Christian Fagan (born 23 June 1961) is a former Australian rules footballer who is the senior coach of the Brisbane Lions in the Australian Football League (AFL). He spent his entire playing career in Tasmania, playing 263 senior games with Hobart, Sandy Bay, and Devonport. Before being appointed head coach of Brisbane in October 2016, Fagan had spent long periods as an assistant coach at Melbourne (1999–2007) and Hawthorn (2008–2016).

Playing career
Fagan was born in Queenstown, Tasmania. He played 263 senior games in the Tasmanian Australian National Football League (TANFL) and Tasmanian Football League (TFL) with Hobart, Sandy Bay and Devonport and kicked 430 goals in his career.

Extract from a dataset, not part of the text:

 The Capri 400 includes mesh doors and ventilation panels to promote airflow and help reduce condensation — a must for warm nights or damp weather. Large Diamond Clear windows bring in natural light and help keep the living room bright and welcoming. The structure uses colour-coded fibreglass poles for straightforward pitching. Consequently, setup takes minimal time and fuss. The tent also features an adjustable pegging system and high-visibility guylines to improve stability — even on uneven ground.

He represented Tasmania on 11 occasions and played in two Premiership teams – Hobart in 1980 and Devonport in 1988.

Coaching career

Tasmania
Fagan spent two years as an assistant coach at North Hobart before being appointed senior coach of Sandy Bay for 1993 and 1994. He was the inaugural coach of the Tassie Mariners from 1995 to 1997. He was the 181st person to be inducted into the Tasmanian Football Hall of Fame in 2007.

AFL

Melbourne Football Club assistant coach (1999-2007)
Fagan was an assistant coach at the Melbourne Football Club under senior coach Neale Daniher between 1999 and 2007, during which the club reached the 2000 AFL Grand Final, where they lost to .

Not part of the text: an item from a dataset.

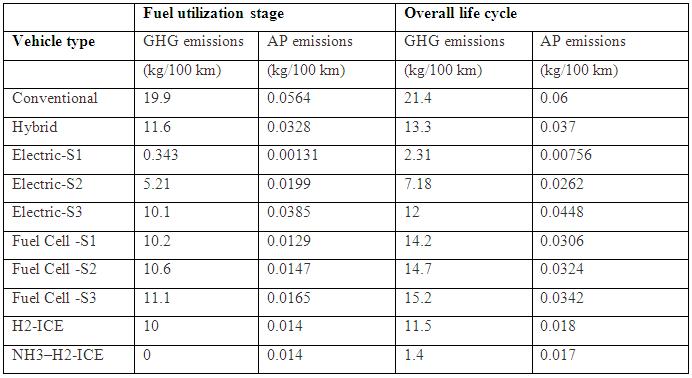 The environmental impact of the fuel utilization stage, as well as the overall life cycle is presented in Table 4. The H2-ICE vehicle results were based on the assumption that the only GHG emissions during the utilization stage were associated with the compression work, needed to fill the fuel tank of the vehicle. The GHG effect of water vapor emissions was neglected in this analysis due its little value,. For the ammonia fuel vehicle, a very small amount of pump work was needed therefore, ammonia fuel was considered to emit no GHGs during fuel utilization.

Hawthorn Football Club assistant coach and general manager of football (2008-2016)
He served two roles at the Hawthorn Football Club between 2008 and 2016, where he was instrumental in the club's 2008, 2013, 2014 and 2015 premiership victories. He was head of coaching and development between 2008 and mid-2013, while he was also the general manager of football alongside senior coach Alastair Clarkson between mid-2013 and the end of 2016.

In September 2022, following his departure from the club, he was alleged to have been involved in the isolation and separation of indigenous players from their partners and families, allegations which came to light as part of an external review into historical racism commissioned by Hawthorn. Investigations into the allegations are ongoing.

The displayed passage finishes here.